After framing free speech in the context of American history, he put forth his central question.
“We have civil liberties in an unequal society; how can our freedoms possibly be equal?” Cobb asked. “My main proposition is that in a hierarchical society even our rights and liberties can be used in way that re-enshrines this hierarchy.”
Cobb further explained his assertion by providing historical examples of whites using their civil liberties to defend racism.
“One of the most intractable arguments against emancipation…was the 5th Amendment guarantee of due process of law…by emancipating blacks you would be denying the property rights of whites,” Cobb said.
Cobb encouraged the audience to recognize that there are many instances in American society in which free speech is regulated. He also addressed how this regulation is rarely extended to racial contexts.
“There is some language which is so incendiary, so harmful, and so devoid of any additional value…that a reasonable person can be incited to violence,” he said. “In non-racial contexts we recognize the implications of free speech in ways that that are much more complicated when we add race into the equation.”
He summed up his discussion surrounding free speech directly.
“We use the unassailable value of free speech to avoid difficult conversations about race,” he said.
Next Cobb discussed the article published in September’s issue of The Atlantic magazine titled “The Coddling of the American Mind,” by Greg Lukianoff and Jonathan Haidt.
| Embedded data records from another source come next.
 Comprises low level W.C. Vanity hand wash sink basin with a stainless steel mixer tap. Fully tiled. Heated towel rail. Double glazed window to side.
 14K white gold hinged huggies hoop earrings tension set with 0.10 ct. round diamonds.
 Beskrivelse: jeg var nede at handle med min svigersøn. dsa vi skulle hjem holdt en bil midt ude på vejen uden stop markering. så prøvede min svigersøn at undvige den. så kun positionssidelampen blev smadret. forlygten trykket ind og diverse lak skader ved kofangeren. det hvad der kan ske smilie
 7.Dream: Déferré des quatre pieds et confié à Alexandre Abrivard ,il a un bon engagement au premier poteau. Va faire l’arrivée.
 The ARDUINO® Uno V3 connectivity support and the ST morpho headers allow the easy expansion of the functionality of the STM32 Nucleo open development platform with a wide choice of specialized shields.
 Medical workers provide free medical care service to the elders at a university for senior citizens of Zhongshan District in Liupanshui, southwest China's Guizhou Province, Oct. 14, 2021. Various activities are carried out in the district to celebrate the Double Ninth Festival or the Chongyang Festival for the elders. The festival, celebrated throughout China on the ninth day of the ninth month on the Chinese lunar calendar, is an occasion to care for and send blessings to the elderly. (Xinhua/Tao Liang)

He challenged the article by exposing issues that it did not discuss.
“In that entire 8,000 word span there was not a single reference to actual rape that happens on college campuses,” he said. “That women are triggered, they’re really sensitive…but we don’t talk about the reality that rape actually happens on college campuses.”
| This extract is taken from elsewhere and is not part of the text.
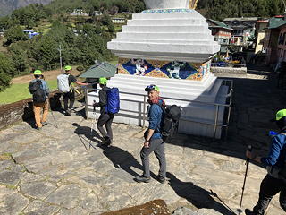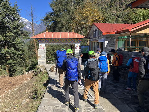 我々はいったんおなじみのEverest Plazaに入り、ここでやはり半月ほど早くネパール入りして10月末の連日の雨を体験していたというT氏を仲間に加えました。彼もA氏・F氏と共にアイランド・ピーク登頂を目指しているので、この時点で主要メンバーはチェパ、アイランド・ピーク3人組(以下「島トリオ」)、ロブチェ・イーストを目指すOさん、私の6人となり、さらにチェパの親戚でサブガイドを勤めるペンバとポーターたちが先行するという構成になりました。

On the issue of race, too, the article stopped short.
“There’s nothing about actual racism on college campuses,” Cobb said.
Cobb further criticized the way in which some people engaged with race issues and historically oppressed people.
“A person who’s in a category that’s been traditionally marginalized, when you raise a critique, the first thing they raise [is] a question about is your sanity,” he said.
Cobb then shifted the talk to safe spaces, more specifically addressing his opinion of safe spaces.
“I’m not someone who believes in safe spaces. I don’t think they exist, I don’t think there’s a virtue to them,” he said. “I think that the problem with the idea of a safe space is the presumption that…if there is an individual or an institution that does not mean you well, you don’t necessarily benefit by advertising what your weakness are.”
Cobb addressed the controversy around the opinion article previously published in The Argus, “Black Lives Matter Isn’t What You Think.” First, he discussed what he believes the message of Black Lives Matter (BLM) is.
“One of the criticisms we find is the idea…of black on black violence is a counter point,” he said. “But what Black Lives Matter has actually been saying is that there’s a fundamental devaluation of black lives that has allowed both of those things to happen.”
He further clarified the fundamental problem with centering race discussions on black-on-black violence.
“There’s no moral authority invested in someone who commits crimes in your community, but there is a moral authority invested in people who are there supposedly to protect you,” he said.
Cobb concluded his talk by making another statement about safe spaces.
“These dynamics are intractable, they’re deeply rooted,” Cobb said. “The only safe spaces that we can expect are those we fashion for ourselves and within ourselves.”
After the talk, Roth shared his reaction.
“I thought it was really informative, both about the historical context and the importance of putting the different values we have in relation to one another,” Roth said.
Visiting Professor of African American Studies Clemmie L. Harris also reflected on the talk and expanded on Cobb’s discussion of safe space.
“I also think that the comment about safe spaces is spot-on, because the most important thing is to recognize the power that you have,” Harris said. “When you engage in the behavior that put you in that reactionary mode you can never win that fight, you can never assert any type of agency.”